Saturday, August 14, 2010

Utrecht, Holland July 8-19,2010 Part 2



Scenes in Utrecht:
one of the old canals,
an architect's humor - the "rope" is actually part of the stone,
and I am relaxing in the cloister of the church.



One day we took the bus in the opposite direction of downtown Utrecht to the university campus. This is not your typical "campus" with a main building and grounds with lots of grass. This university is almost like a town, with lots of tall buildings that were either libraries, classrooms or labs, student housing, etc. The guidebook told us that several well known Dutch architects had designed many of these buildings.
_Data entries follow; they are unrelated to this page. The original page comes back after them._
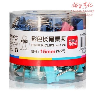 1100007331EA 得力 8556 筒装彩色长尾票夹 15MM 彩色 60筒/箱SKU:yzwhyp956437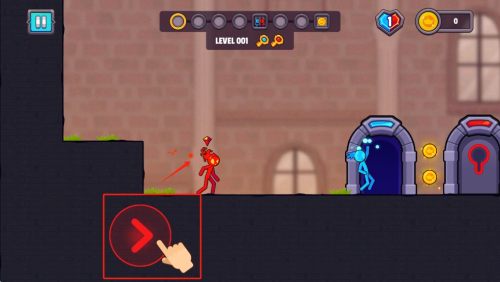 1、控制冰与火火柴人在关卡中移动,冰火柴人避开火焰区域,火火柴人远离寒冰地带,利用各自特性触碰对应机关,打开前进道路。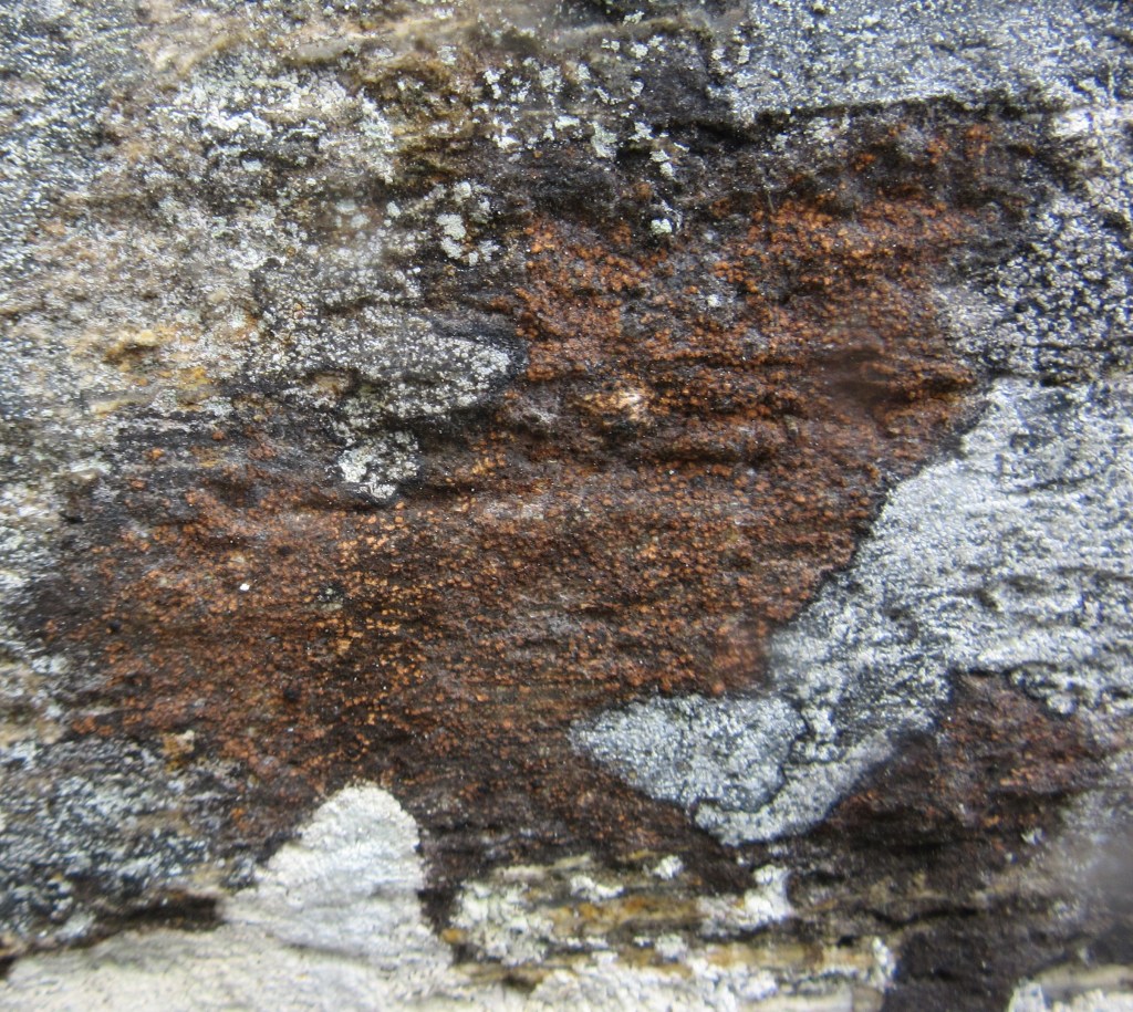 A crustose lichen with a tan to deep red-brown thallus that is fairly thick and may have a leprose or cracked surface and black prothallus. It often forms extensive mosaics. Yellow-buff to light orange soralia are dotted over the surface and may become confluent.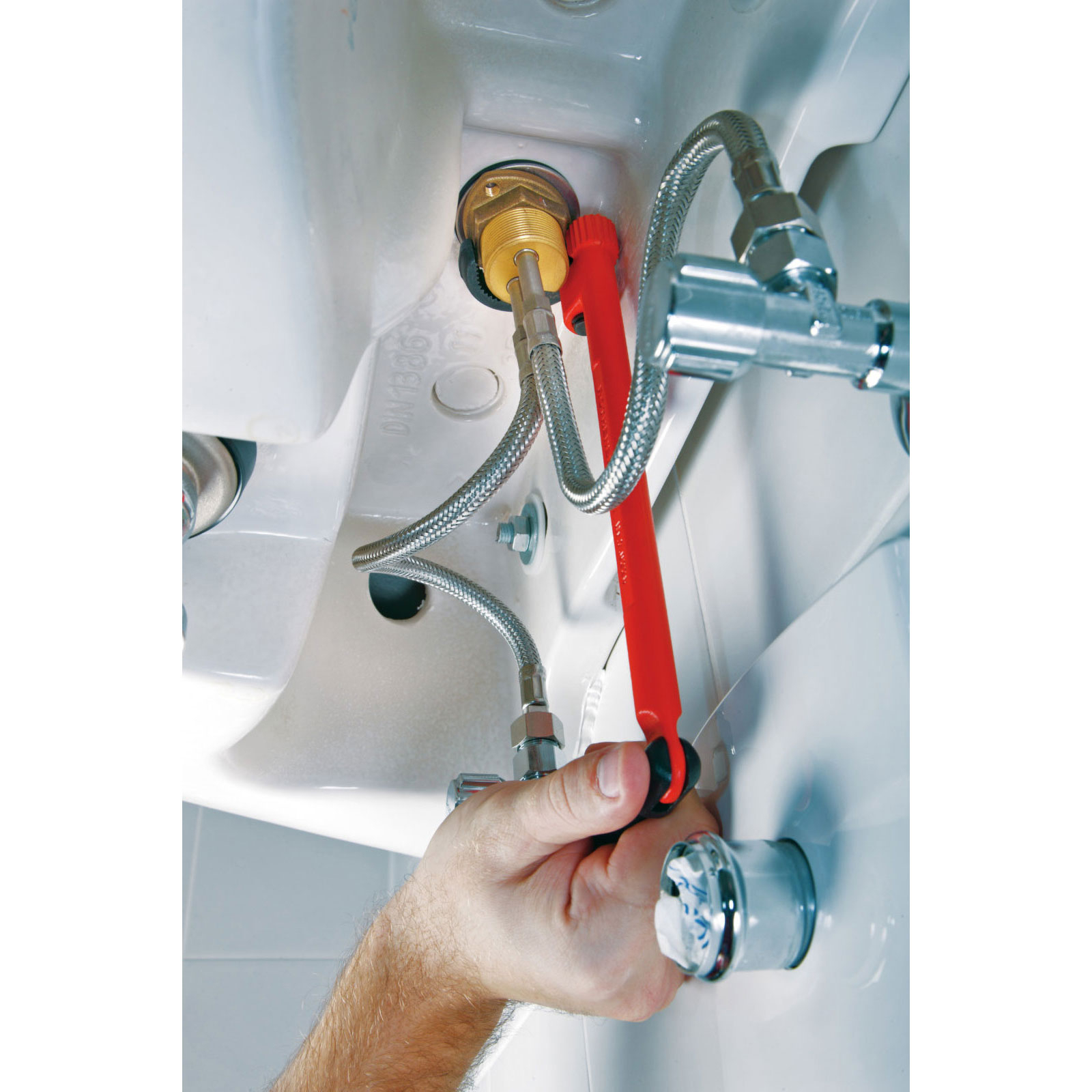 Der Standhahnmutternschlüssel ist ideal zum Festziehen und Lösen von Schraubenmuttern an schwer zugänglichen Stellen wie Waschtischen und Spülbecken.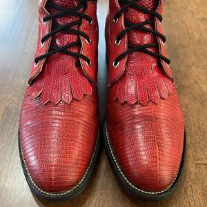Vintage 1994 Justin Red Lizard & Kipskin Kilted Roper Boots Women’s 7.5B Rare

We went into one of them: the Rem Koolhaus building that was an arts building, with theater, art spaces and a cafe area.

Since it was really the summer break there were not that many people around. I can just imagine how crazy it is when all of the students are here, riding their bikes. In the meantime, we thought the university is a bit cold, since we were used to a traditional university campus. Just a bunch of tall buildings, quite far apart from each other. It is probably convenient to the students who spend the entire day in one building, but it just doesn't look like a community.
Every night at 6:00 we would gather in the garden, near the canal, and have a glass of wine with Marc, the hotel owner. It was such a nice touch, and we enjoyed getting to know Marc and other people who were staying at the hotel. During the conversations, I said something about riding bikes and how it would be to ride around the town - how it would feel to get back on a bike. Marc said he had a couple of bikes we could use. Jack wasn't interested, but I thought it would be fun, so one morning, while Jack was still sleeping, I sneaked downstairs, unlocked the bike, and made my way around the neighborhood. I wanted to go out in the morning because people of Holland just don't get started until after ten in the mornings, so I thought I would have the streets to myself.

Oh my gosh, don't ever believe that 40 years later you can hop on a bike and take off. At least, it wasn't that easy for me. Fortunately, it was the kind of bike where the brakes were in the pedals, not the handles. I learned on such a bike as a kid, so I was more comfortable with that method now. But it seemed that the bike was so fast and I was so high up on the seat. I don't know, it was just weird and I was so glad I didn't meet anyone during my half hour of biking around the neigborhood.
I wasn't sure if I wanted to do that again, but Marc persuaded me to try again on Saturday morning; nobody would be out early and it would be cool and nice wide streets with no other travelers. I did try it and got a little more used to it. I traveled much farther away from our hotel and felt pretty good. Maybe if I practiced everyday I would get more confident and then actually be able to get out on the road with other bikers and cars and busses. Maybe.
Jack and I spent a whole day working on the next six weeks of our itinerary. He does the reading and research, figures out where we should stay and makes an educated guess on how long to stay at each place. I get on the computer and try to find hotels in the towns he has chosen. I am sure there are hundreds of web sites that I could use to find places to stay, but I have had good luck with two: Venere.com and Booking.com. They are easy to use, the hotels have descriptions and photos of their rooms; they have reviews from people who have stayed at the hotels. and above all, you can book online and get confirmation immediately. We have had to resort to other methods in the past, and they are very inconvenient: you have to email the hotel and wait a few days for confirmation or no, or you have to call the place and try to talk to them. All of that is too complicated; I would rather be able to handle everything online and be done with it.
I had no trouble with the first three places in Germanhy we were staying, but the hotels in Berlin turned out to be very expensive. We were going to stay several weeks there, and most hotels I was interested in could not take us for that length of time. I had to break up our stay to sets of two weeks at a time. We will see how that works. Getting to stay in a place for a long time is nice, so we are not packing and unpacking; however, in a large place like Berlin it might be nice to learn different neighborhoods. We will see.
We were ready to move onto Arnhem in a few days. It is located on the border with Germany and very far inland from the North Sea. Not many people we met had much to say about Arnhem, but we were anxious to get there. One of our favorite movies was "A Bridge Too Far", the story of a huge Allied military operation in September, 1944, which was to end the war if it was successful. However, many things happened to make the plan fail, and we had always wanted to travel the road in Holland where the action happened. We were ready to follow the story.